Doing a really quick BOTEC, that would yield 3.425 DALYs plus the [75% of net economic effects from the financial-only model, less $87.50[1]] for a donor/grantor spend of $137.50. If we assume $3 savings per patient in the financial-only model (based on Nick’s travel estimate of $3 + time value of money and other-care costs equal to the ODH fee), that yields us a patient savings of 112.5 patients (75% of average volume) * $3, or $337.50. Subtracting the $87.50 yields $250. If you think those savings are equal in value to GiveDirectly cash transfers, you could model that at 1.81X GiveDirectly + getting the DALYs (and benefits to non-ODH patients from relieving the burden on nearby government health centers) for “free.” (I note that this is primarily intended to demonstrate the idea of a mixed-benefits model only, not to make assertion about a reasonable lower-bound estimate for ODH.)

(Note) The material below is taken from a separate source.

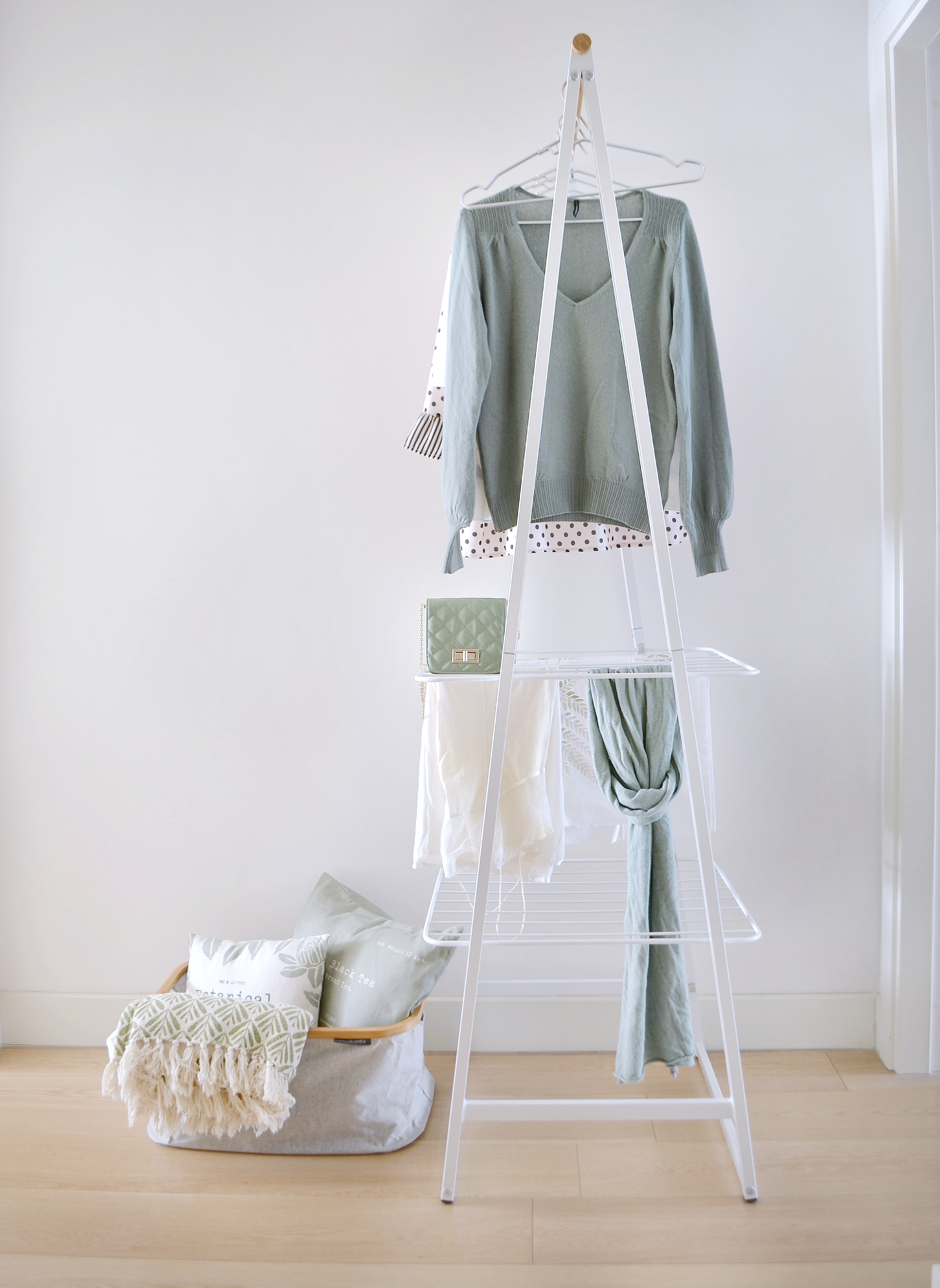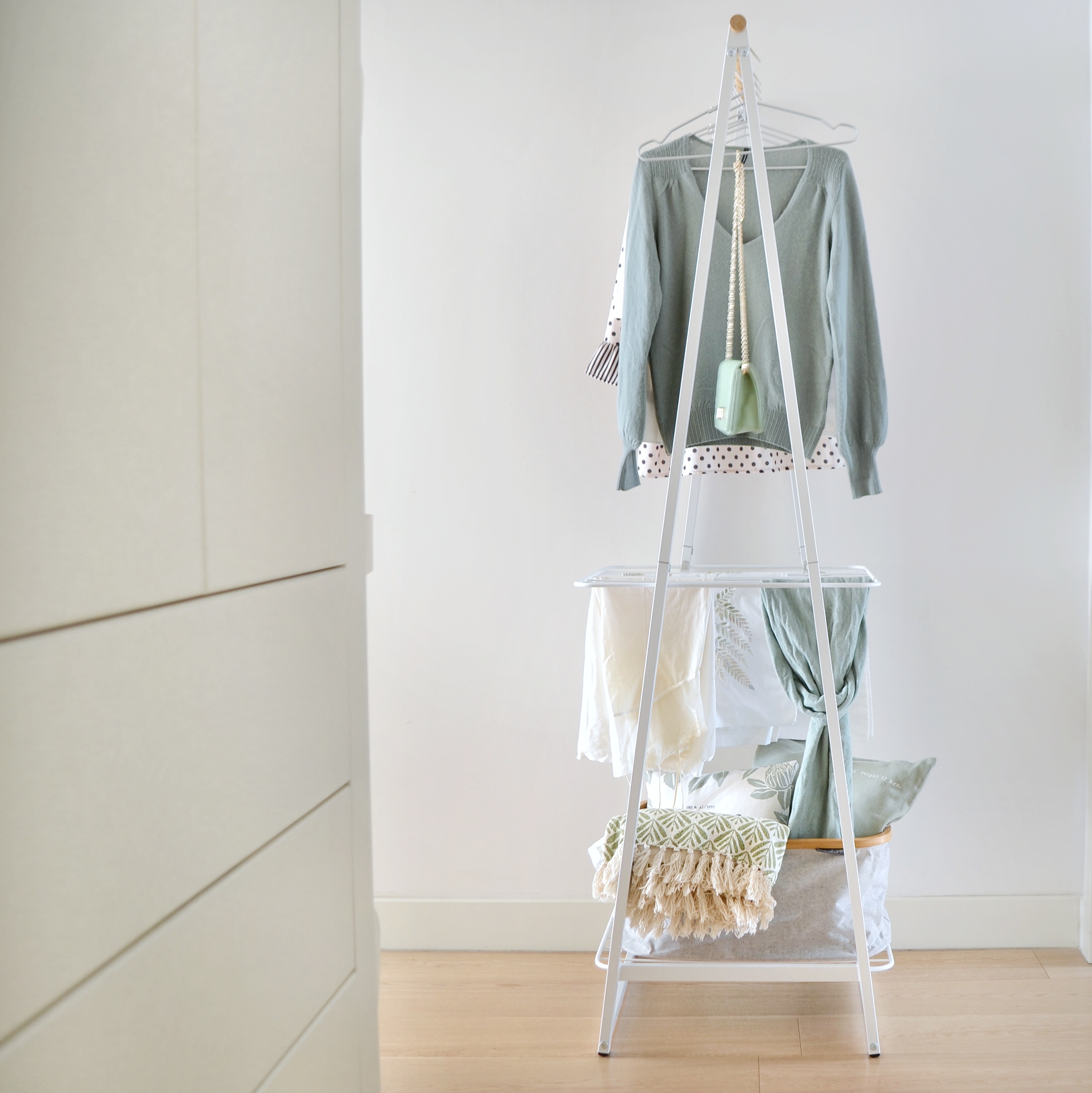 Questo oggetto così utile e versatile ha con due griglie che si possono collocare ad altezze diverse, e che in combinazione con le grucce in alluminio, furbissime perchè consentono di infilare le magliette dal collo, e il robusto cesto portabiancheria, diventa davvero un alleato perfetto per chi, come me, ha sempre sgabelli e altri supporti ricoperti di vestiti semistirati, semipuliti o semiscuciti. Ma insieme alla sua versatilitá il punto fi forza di Linn è la sua bellezza, il suo design dalle linee pulite lo rende piacevole da vedere in qualsiasi ambiente della casa.

I’m probably doing this wrong, but GiveWell’s moral weights seem to suggest a DALY is morally “worth” about doubling the consumption of a person for two years. Given the median income in Uganda is $804, averting a DALY would be roughly equal to increasing consumption by $1600, which would make averting 3.425 DALYs roughly as effective as increasing consumption by $5480. I don’t mean to assert that ODH is 41.67X GiveDirectly on this conservative model ($5480 from DALYs + $250 from economic savings / $137.50 donor spend), but this quick analysis does suggest that the bulk of the value in the mixed-model described above comes from the “free” components and not the hypothesized 1.81X GiveDirectly economic effect.
If 25% of visits are counterfactual, then 25% of patient expenses would never have occured.